From ae31a6a760dc36ec984e93a4eab1acd344e59846 Mon Sep 17 00:00:00 2001
From: paboyle <paboyle@ph.ed.ac.uk>
Date: Tue, 13 Feb 2018 02:11:37 +0000
Subject: [PATCH 12/17] Move deflate to right class

---
 .../iterative/ImplicitlyRestartedLanczos.h          | 13 +++++++------
 1 file changed, 7 insertions(+), 6 deletions(-)

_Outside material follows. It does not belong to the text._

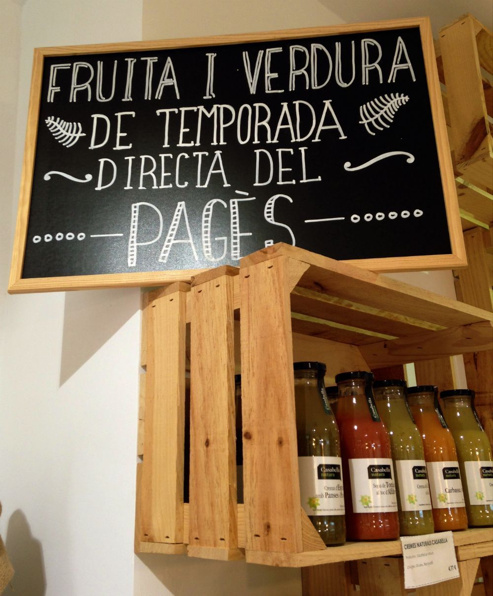 Es un sitio que invita a entrar. Saltan a la vista las frutas y hortalizas frescas en cajas de madera, las conservas, los cereales y las legumbres a granel. Llama la atención también lo luminoso y blanco del local. Pero sobre todo, salta al corazón el nombre: Autòctons. Y un mural que se puede ver desde el exterior: Aquí encontraréis alimentos de la tierra, directo del productor, artesanos… Es decir, productos de proximidad o, como se dice ahora, productos km 0.

diff --git a/lib/algorithms/iterative/ImplicitlyRestartedLanczos.h b/lib/algorithms/iterative/ImplicitlyRestartedLanczos.h
index b4fca33a..7d5a1889 100644
--- a/lib/algorithms/iterative/ImplicitlyRestartedLanczos.h
+++ b/lib/algorithms/iterative/ImplicitlyRestartedLanczos.h
@@ -182,12 +182,6 @@ template<class Field> class ImplicitlyRestartedLanczosHermOpTester  : public Imp
 {
  public:
 
-  static void Deflate(const std::vector<Field> &_v,
-		      const std::vector<RealD>& eval,
-		      const Field& src_orig,Field& result) {
-    basisDeflate(_v,eval,src_orig,result);
-  }
-
   LinearFunction<Field>       &_HermOp;
   ImplicitlyRestartedLanczosHermOpTester(LinearFunction<Field> &HermOp) : _HermOp(HermOp)  {  };
   int ReconstructEval(int j,RealD resid,Field &B, RealD &eval,RealD evalMaxApprox)
@@ -250,6 +244,13 @@ class ImplicitlyRestartedLanczos {
   /////////////////////////
   
 public:       
+
+  static void Deflate(const std::vector<Field> &_v,
+		      const std::vector<RealD>& eval,
+		      const Field& src_orig,Field& result) {
+    basisDeflate(_v,eval,src_orig,result);
+  }
+
   //////////////////////////////////////////////////////////////////
   // PAB:
   //////////////////////////////////////////////////////////////////

From c96483e3bd559ab4a20c12102534c37447179b4c Mon Sep 17 00:00:00 2001
From: paboyle <paboyle@ph.ed.ac.uk>
Date: Tue, 13 Feb 2018 11:39:07 +0000
Subject: [PATCH 13/17] Whitespace only change

---
 lib/algorithms/iterative/LocalCoherenceLanczos.h | 2 ++
 1 file changed, 2 insertions(+)

diff --git a/lib/algorithms/iterative/LocalCoherenceLanczos.h b/lib/algorithms/iterative/LocalCoherenceLanczos.h
index c530a572..4c05f4c7 100644
--- a/lib/algorithms/iterative/LocalCoherenceLanczos.h
+++ b/lib/algorithms/iterative/LocalCoherenceLanczos.h
@@ -28,7 +28,9 @@ Author: paboyle <paboyle@ph.ed.ac.uk>
     /*  END LEGAL */
 #ifndef GRID_LOCAL_COHERENCE_IRL_H
 #define GRID_LOCAL_COHERENCE_IRL_H
+
 namespace Grid { 
+
 struct LanczosParams : Serializable {
  public:
   GRID_SERIALIZABLE_CLASS_MEMBERS(LanczosParams,

From e30a80a2340275774e464b5ce7b328f0ece84b44 Mon Sep 17 00:00:00 2001
From: Christopher Kelly <ckelly@phys.columbia.edu>
Date: Thu, 15 Feb 2018 17:13:36 +0000
Subject: [PATCH 14/17] Relaxed constraints on MPI thread mode when not using
 multiple comms threads

---
 lib/communicator/Communicator_mpi3.cc | 5 ++++-
 1 file changed, 4 insertions(+), 1 deletion(-)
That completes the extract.